OF HIS PITIABLE TRANSFORMATION

I who was young so long, Young and alert and gay, Now that my hair is grey, Begin to change my song. Now I know right from wrong, Now I know pay and pray, I who was young so long, Young and alert and gay. Now I follow the throng, Walk in the beaten way, Hear what the elders say, And own that I was wrong— I who was young so long. 1876.
III

EPISTLE TO CHARLES BAXTER

Noo lyart leaves blaw ower the green, Red are the bonny woods o’ Dean, An’ here we’re back in Embro, freen’, To pass the winter. Whilk noo, wi’ frosts afore, draws in, An’ snaws ahint her. I’ve seen ’s hae days to fricht us a’, The Pentlands poothered weel wi’ snaw, The ways half-smoored wi’ liquid thaw, An’ half-congealin’, The snell an’ scowtherin’ norther blaw Frae blae Brunteelan’. I’ve seen ’s been unco sweir to sally, And at the door-cheeks daff an’ dally, Seen ’s daidle thus an’ shilly-shally For near a minute— Sae cauld the wind blew up the valley, The deil was in it!— Syne spread the silk an’ tak the gate, In blast an’ blaudin’, rain, deil hae ’t!

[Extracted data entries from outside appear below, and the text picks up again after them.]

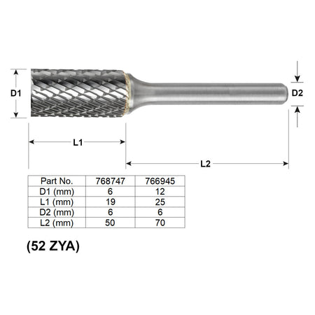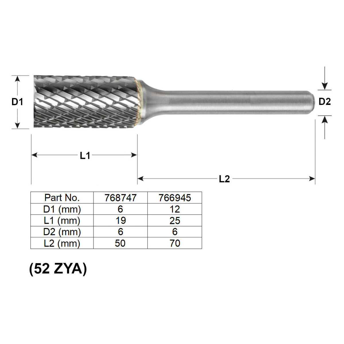 Tyrolit premium 52ZYA cylinder shape tungsten carbide burrs deliver long lifetime performance, high stock removal and features an MX diamond cut tooth shape.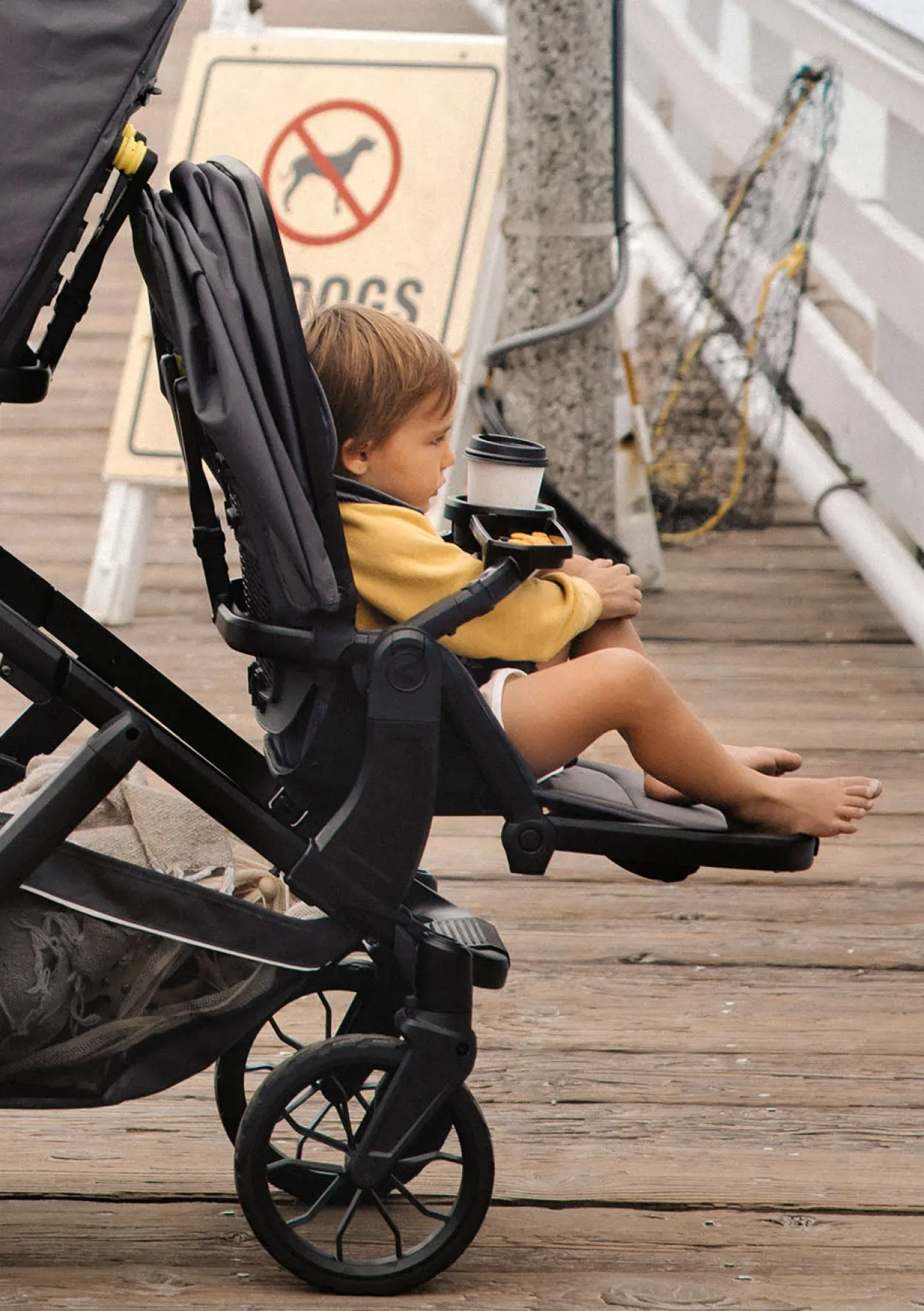 Der Esstisch von VEER für euren Switchback Sitz, lässt sich ganz einfach anstelle des Bauchbügels am Rahmen einklicken. Der Tisch ist aufgeteilt in zwei Bereiche. Ein Tablett, für Essen und Snacks, und einen Becherhalter, mit elastischen Halterungsstreifen, damit Becher oder Flaschen während der Fahrt besser halten.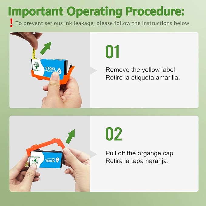 - Important Operating Procedure: To prevent serious ink leakage, please follow the instructions below. Start by peeling off the yellow label and then proceed to pull off the orange cap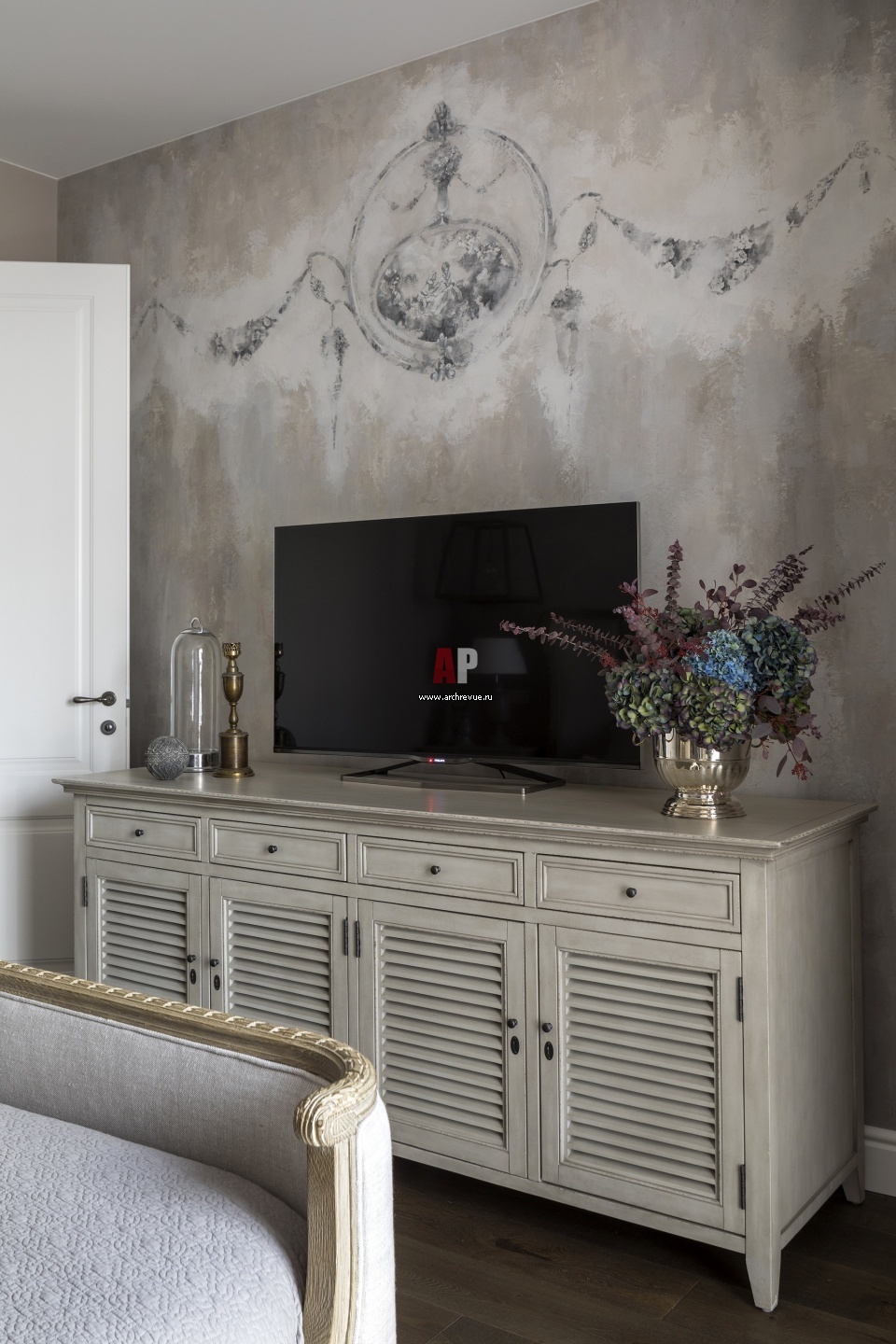 Семейная квартира под старину в монолитном доме. Интерьер спальни с настенной художественной росписью.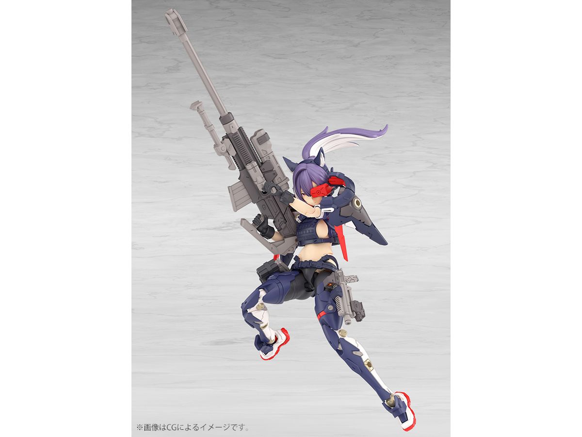 - 「機械少女系列」素體擁有驚人的可動範圍,可以擺出自然的持槍和坐姿。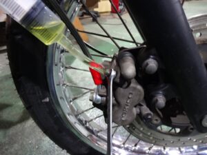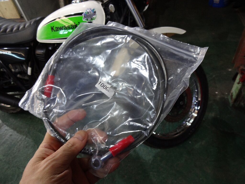 今日はまず250TRのブレーキホースをメッシュホースに交換します。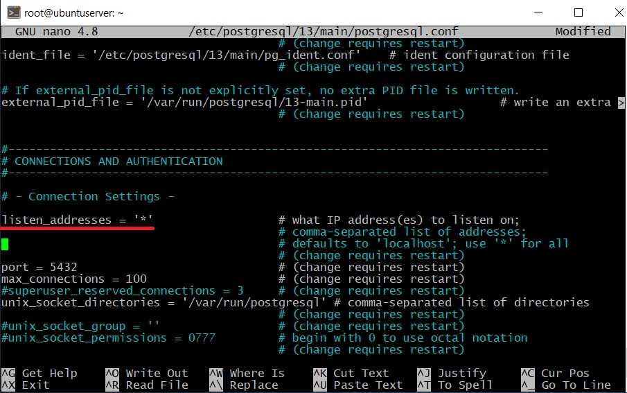 По умолчанию PostgreSQL прослушивает только адрес localhost, поэтому, для того чтобы мы могли подключаться по сети, нам нужно указать, какие сетевые интерфейсы будет просушивать PostgreSQL. Я для примера укажу, что прослушивать нужно все доступные интерфейсы. Если у Вас несколько сетевых интерфейсов, и Вы хотите, чтобы PostgreSQL использовал только один конкретный, то Вы его можете указать именно здесь.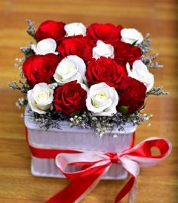 20 Stem Red and White Roses nicely arranged in a white ceramic vase with some fillers and greenery.

The hale toon glintin’, stane an’ slate, Wi’ cauld an’ weet, An’ to the Court, gin we ’se be late, Bicker oor feet. And at the Court, tae, aft I saw Whaur Advocates by twa an’ twa Gang gesterin’ end to end the ha’ In weeg an’ goon, To crack o’ what ye wull but Law The hale forenoon. That muckle ha’, maist like a kirk, I’ve kent at braid mid-day sae mirk Ye’d seen white weegs an’ faces lurk Like ghaists frae Hell, But whether Christian ghaists or Turk, Deil ane could tell. The three fires lunted in the gloom, The wind blew like the blast o’ doom, The rain upo’ the roof abune Played Peter Dick— Ye wad nae’d licht enough i’ the room Your teeth to pick! But, freend, ye ken how me an’ you, The ling-lang lanely winter through, Keep’d a guid speerit up, an’ true To lore Horatian, We aye the ither bottle drew To inclination. Sae let us in the comin’ days Stand sicker on our auncient ways— The strauchtest road in a’ the maze Since Eve ate apples; An’ let the winter weet our cla’es— We’ll weet oor thrapples. Edinburgh, October 1875.
IV

THE SUSQUEHANNAH AND THE

DELAWARE

Of where or how, I nothing know; And why, I do not care; Enough if, even so, My travelling eyes, my travelling mind can go By flood and field and hill, by wood and meadow fair, Beside the Susquehannah and along the Delaware. I think, I hope, I dream no more The dreams of otherwhere, The cherished thoughts of yore; I have been changed from what I was before; And drunk too deep perchance the lotus of the air, Beside the Susquehannah and along the Delaware. Unweary, God me yet shall bring To lands of brighter air, Where I, now half a king, Shall with enfranchised spirit loudlier sing, And wear a bolder front than that which now I wear Beside the Susquehannah and along the Delaware. August 1879.